Antisemitismo, razzismo, antisionismo e altri pregiudizi

Antisemitismo
Ugo Volli
Ugo Volli

Antisemitismo, razzismo, antisionismo e altri pregiudizi. Purtroppo anche in Italia è tornato di nuovo attuale l’odio per gli ebrei, nelle cronache dei giornali e nel dibattito pubblico, oltre che nei comportamenti.
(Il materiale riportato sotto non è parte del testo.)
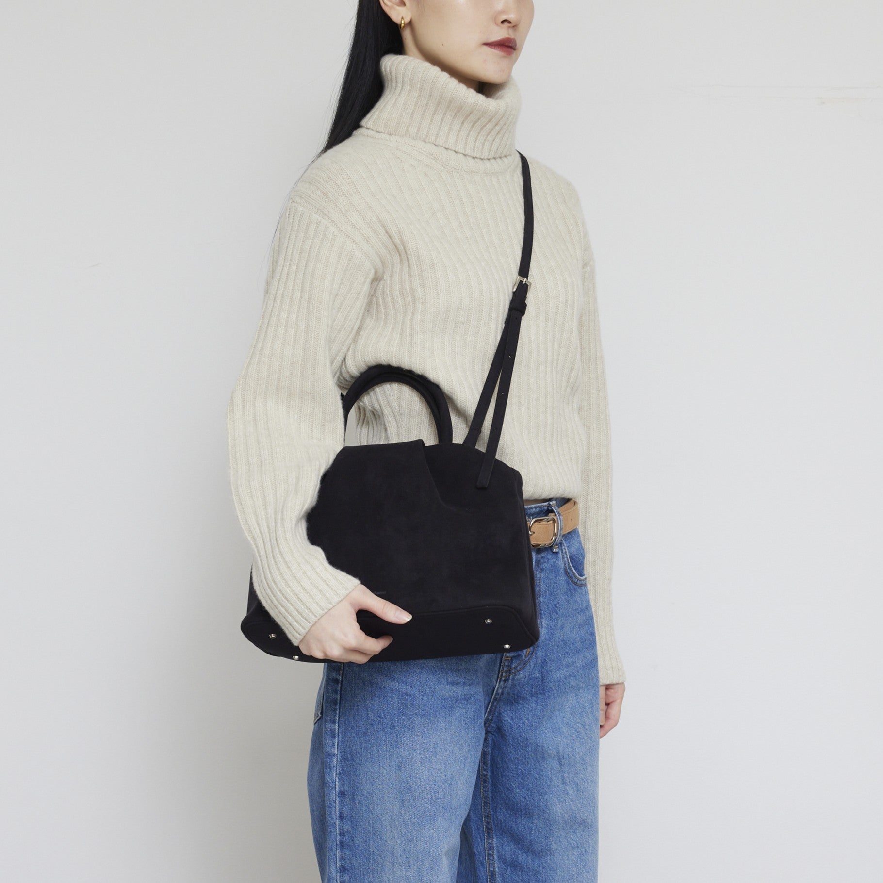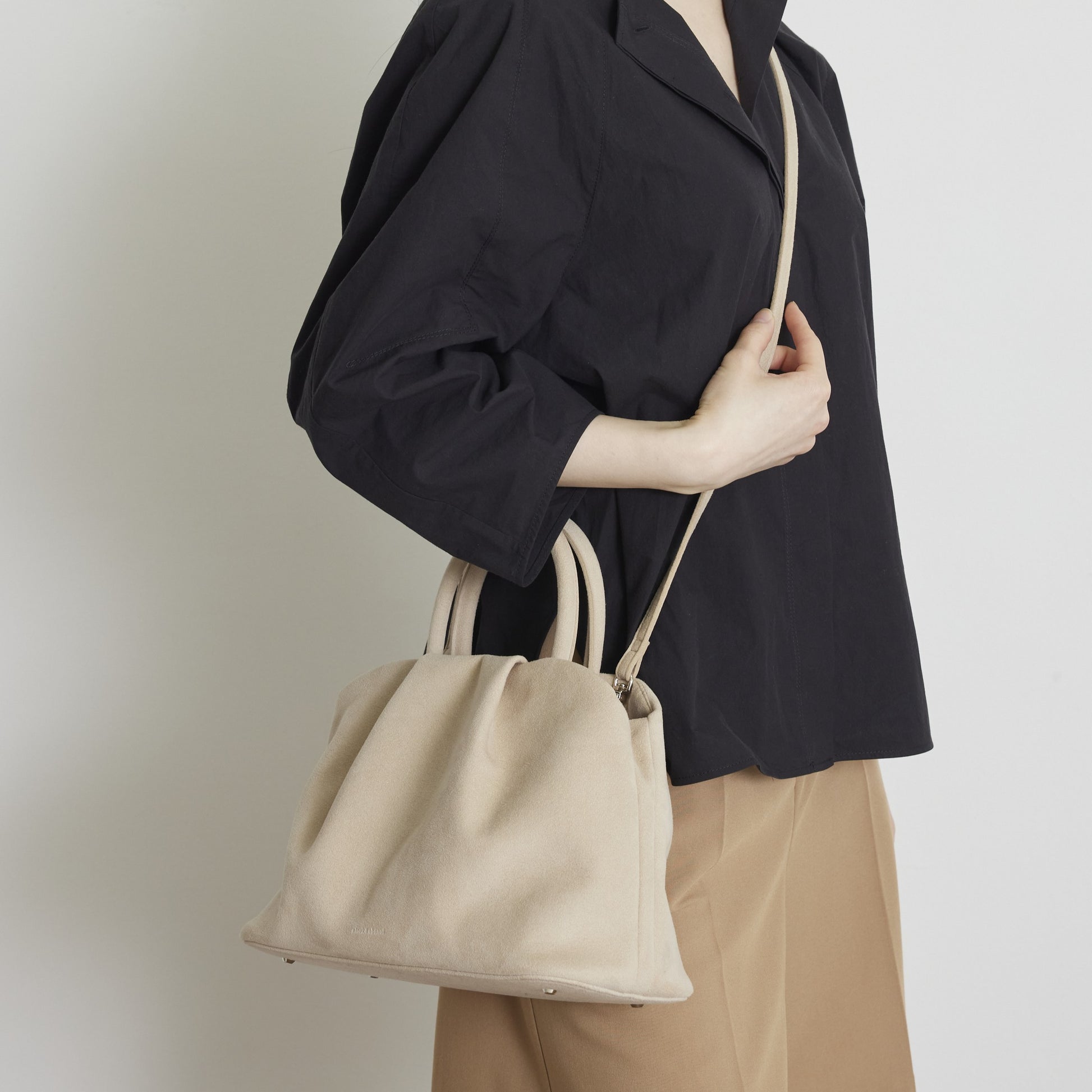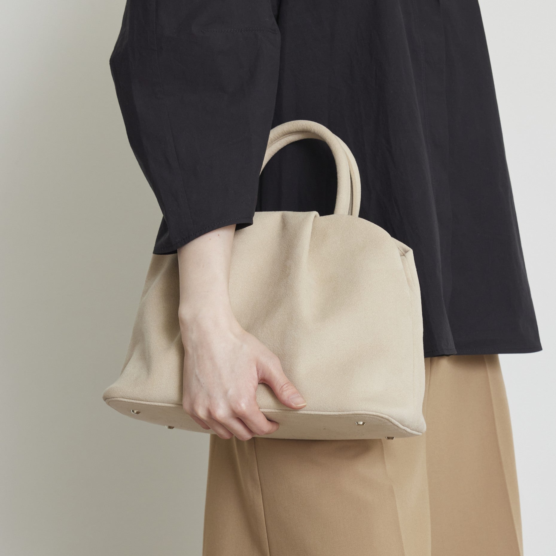 ・Ultrasuede®自体は、水洗いが可能な素材ですが、製品にする過程で、ファスナー等の金属や芯材を使用しているため、汚れた場合などは丸洗いではなく、濡れタオルなどで軽く拭いて頂く方法を推奨しています。

Non sono per il momento atti di violenza fisica, ma “solo” violenze simboliche: scritte minacciose che compaiono su case di persone di origine ebraica, o dove hanno abitato vittime della Shoah, graffiti per terra che invitano a “calpestare gli ebrei” e sul modello di Teheran offrono una stella di David su cui mettere i piedi per disprezzo, post sui social media che promettono una nuova Shoah o parlano di quella di ottant’anni fa come di una montatura. Non siamo ai livelli di quel che accade in Francia, Belgio, Svezia, Germania e altri paesi europei dove le violenze fisiche non sono rare e talvolta arrivano all’omicidio, sempre provocano insicurezza e inducono gli ebrei ad abbandonare case e occupazioni, anche perché da noi l’azione delle forze dell’ordine è di solito efficiente e puntuale. Ma certamente dover attraversare la guardia di militari armati per andare a pregare in sinagoga, o a studiare a scuola o a visitare parenti anziani in una casa di riposo è un fatto triste e allarmante.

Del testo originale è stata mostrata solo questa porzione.